▶ ACTION ITEM:
Would you please give the entries again word for word, with no images in your copy?

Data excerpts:
★ ★ ★ ★

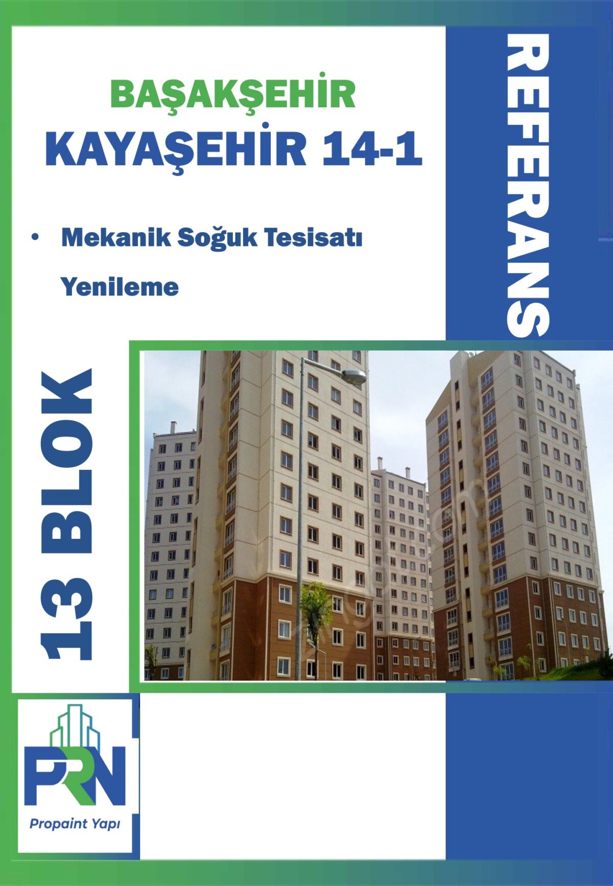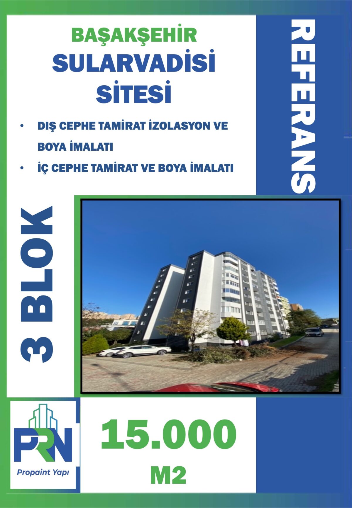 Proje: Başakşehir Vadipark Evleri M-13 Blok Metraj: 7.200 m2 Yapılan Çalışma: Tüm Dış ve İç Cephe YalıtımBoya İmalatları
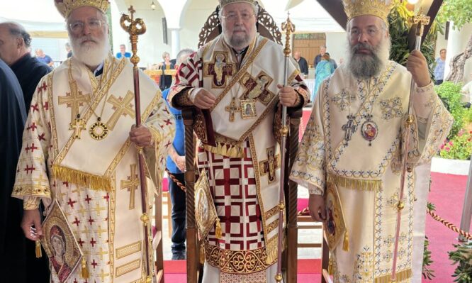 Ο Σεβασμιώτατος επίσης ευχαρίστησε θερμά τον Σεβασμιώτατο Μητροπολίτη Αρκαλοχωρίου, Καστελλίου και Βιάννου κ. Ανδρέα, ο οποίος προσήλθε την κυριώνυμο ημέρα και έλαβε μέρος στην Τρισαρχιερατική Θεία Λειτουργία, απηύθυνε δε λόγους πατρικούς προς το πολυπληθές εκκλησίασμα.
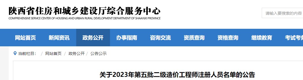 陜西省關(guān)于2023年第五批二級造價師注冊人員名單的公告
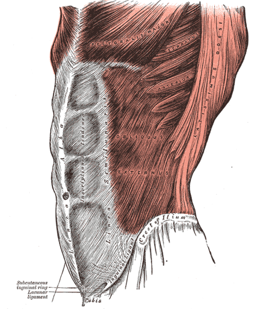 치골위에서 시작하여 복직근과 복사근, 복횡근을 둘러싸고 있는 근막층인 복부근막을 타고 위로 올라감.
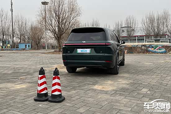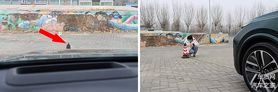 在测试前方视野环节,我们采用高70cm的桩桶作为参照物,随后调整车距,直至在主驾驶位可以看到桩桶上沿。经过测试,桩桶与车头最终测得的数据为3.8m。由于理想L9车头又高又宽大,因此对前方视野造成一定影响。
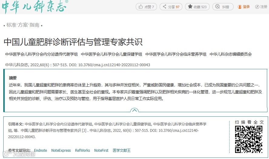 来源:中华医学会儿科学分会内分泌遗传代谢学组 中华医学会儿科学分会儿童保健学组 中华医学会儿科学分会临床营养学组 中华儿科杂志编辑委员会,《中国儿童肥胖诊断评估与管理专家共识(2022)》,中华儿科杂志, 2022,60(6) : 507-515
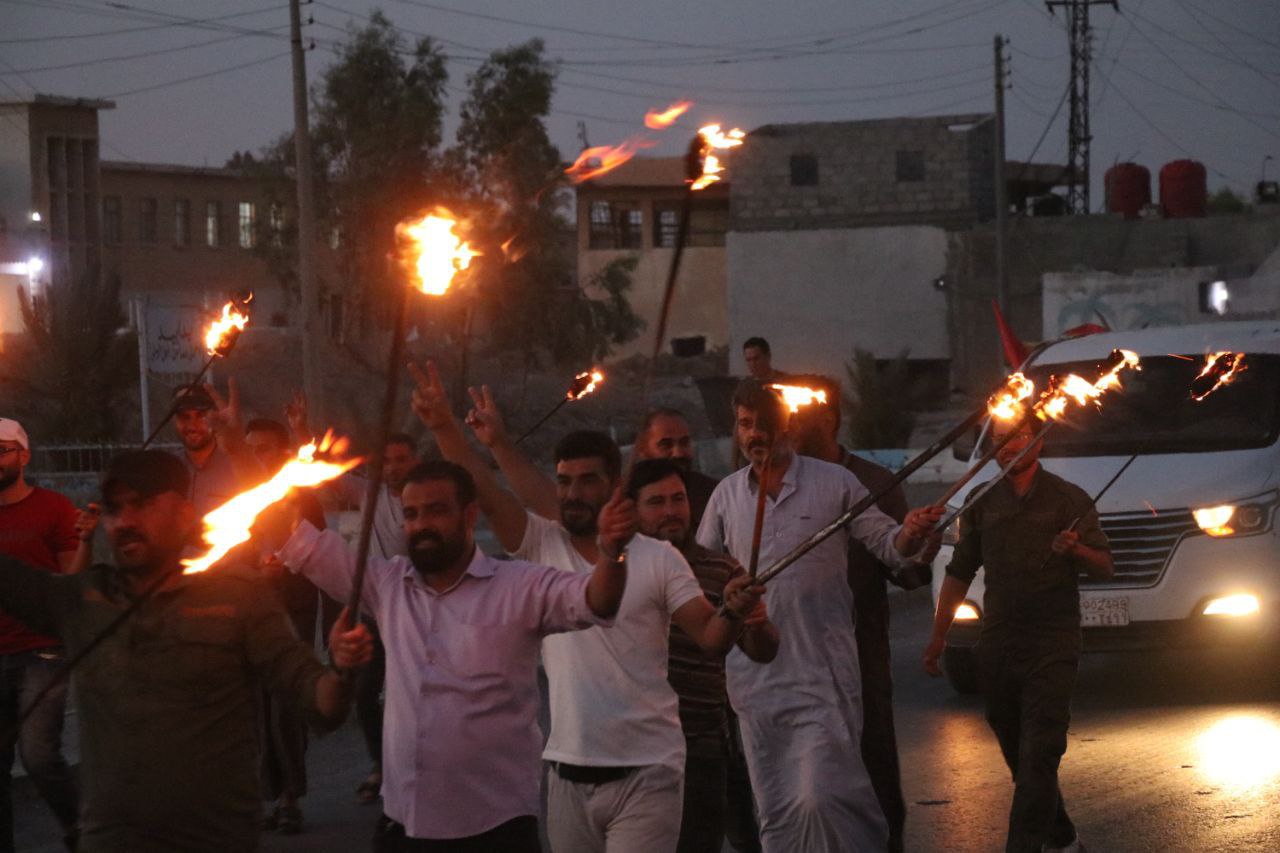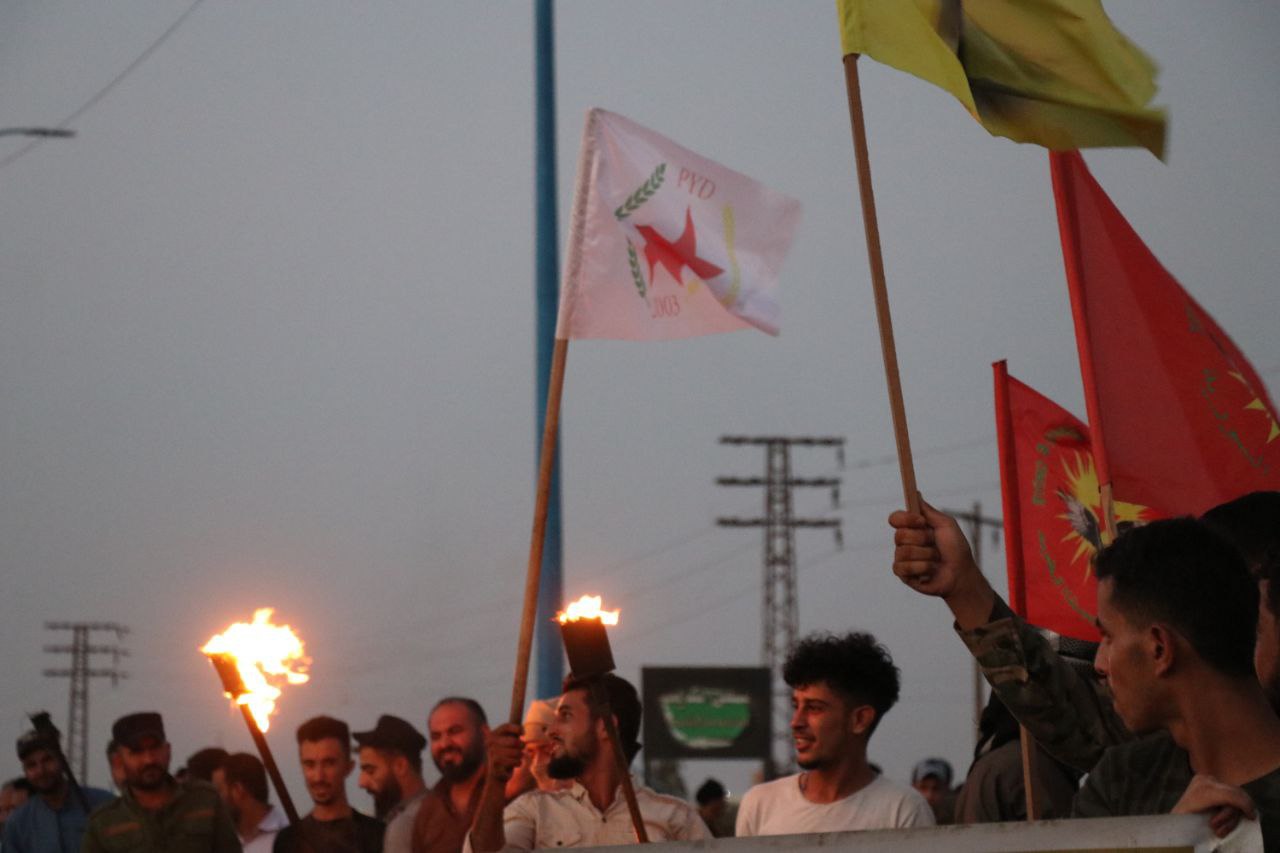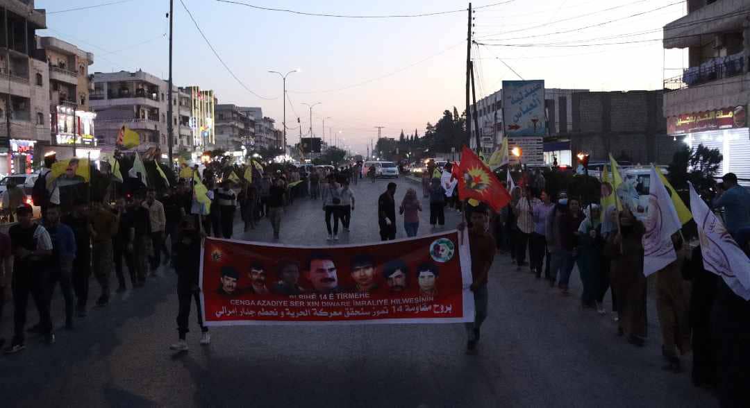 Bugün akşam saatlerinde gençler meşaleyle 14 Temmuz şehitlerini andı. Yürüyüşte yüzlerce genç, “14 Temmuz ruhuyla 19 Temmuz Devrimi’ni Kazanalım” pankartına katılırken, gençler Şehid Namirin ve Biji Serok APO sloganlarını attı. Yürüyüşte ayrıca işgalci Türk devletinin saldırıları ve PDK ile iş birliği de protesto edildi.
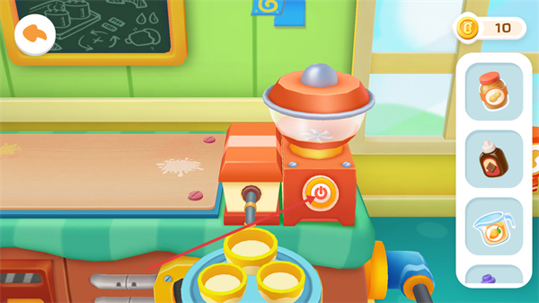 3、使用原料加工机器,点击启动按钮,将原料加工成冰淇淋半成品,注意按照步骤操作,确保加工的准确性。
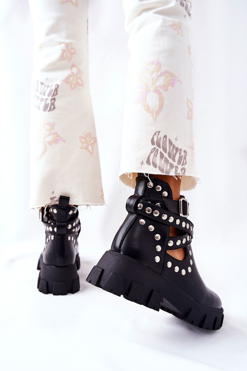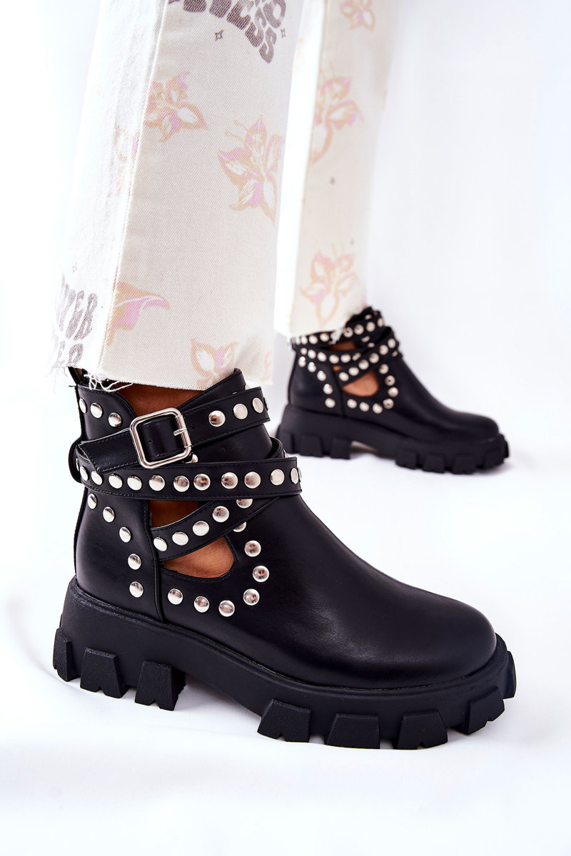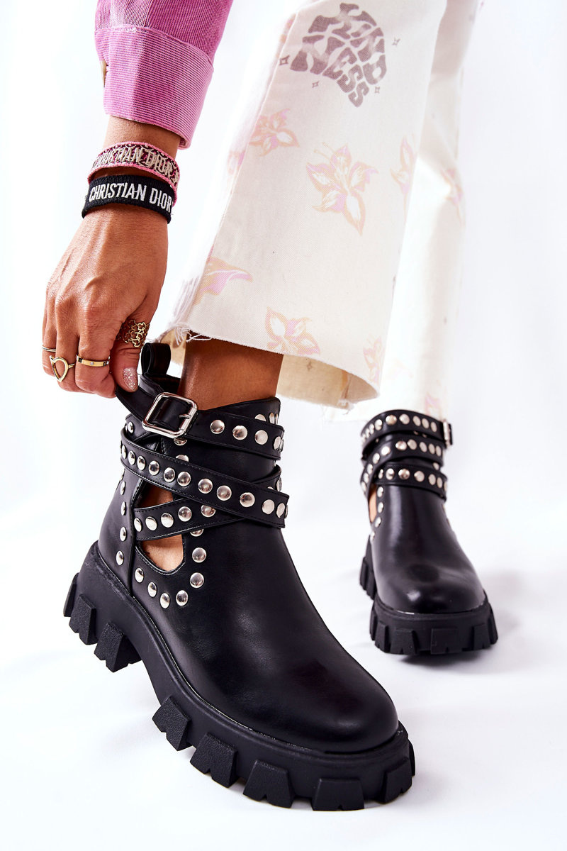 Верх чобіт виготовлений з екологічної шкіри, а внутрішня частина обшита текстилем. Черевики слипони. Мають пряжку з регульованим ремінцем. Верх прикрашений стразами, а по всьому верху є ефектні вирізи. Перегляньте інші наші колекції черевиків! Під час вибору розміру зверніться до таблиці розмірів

★ ★ ★ ★

▶ ANSWER FOR THIS EXERCISE:
 Proje: Başakşehir Vadipark Evleri M-13 Blok Metraj: 7.200 m2 Yapılan Çalışma: Tüm Dış ve İç Cephe YalıtımBoya İmalatları
 Ο Σεβασμιώτατος επίσης ευχαρίστησε θερμά τον Σεβασμιώτατο Μητροπολίτη Αρκαλοχωρίου, Καστελλίου και Βιάννου κ. Ανδρέα, ο οποίος προσήλθε την κυριώνυμο ημέρα και έλαβε μέρος στην Τρισαρχιερατική Θεία Λειτουργία, απηύθυνε δε λόγους πατρικούς προς το πολυπληθές εκκλησίασμα.
 陜西省關(guān)于2023年第五批二級造價師注冊人員名單的公告
 치골위에서 시작하여 복직근과 복사근, 복횡근을 둘러싸고 있는 근막층인 복부근막을 타고 위로 올라감.
 在测试前方视野环节,我们采用高70cm的桩桶作为参照物,随后调整车距,直至在主驾驶位可以看到桩桶上沿。经过测试,桩桶与车头最终测得的数据为3.8m。由于理想L9车头又高又宽大,因此对前方视野造成一定影响。
 来源:中华医学会儿科学分会内分泌遗传代谢学组 中华医学会儿科学分会儿童保健学组 中华医学会儿科学分会临床营养学组 中华儿科杂志编辑委员会,《中国儿童肥胖诊断评估与管理专家共识(2022)》,中华儿科杂志, 2022,60(6) : 507-515
 Bugün akşam saatlerinde gençler meşaleyle 14 Temmuz şehitlerini andı. Yürüyüşte yüzlerce genç, “14 Temmuz ruhuyla 19 Temmuz Devrimi’ni Kazanalım” pankartına katılırken, gençler Şehid Namirin ve Biji Serok APO sloganlarını attı. Yürüyüşte ayrıca işgalci Türk devletinin saldırıları ve PDK ile iş birliği de protesto edildi.
 3、使用原料加工机器,点击启动按钮,将原料加工成冰淇淋半成品,注意按照步骤操作,确保加工的准确性。
 Верх чобіт виготовлений з екологічної шкіри, а внутрішня частина обшита текстилем. Черевики слипони. Мають пряжку з регульованим ремінцем. Верх прикрашений стразами, а по всьому верху є ефектні вирізи. Перегляньте інші наші колекції черевиків! Під час вибору розміру зверніться до таблиці розмірів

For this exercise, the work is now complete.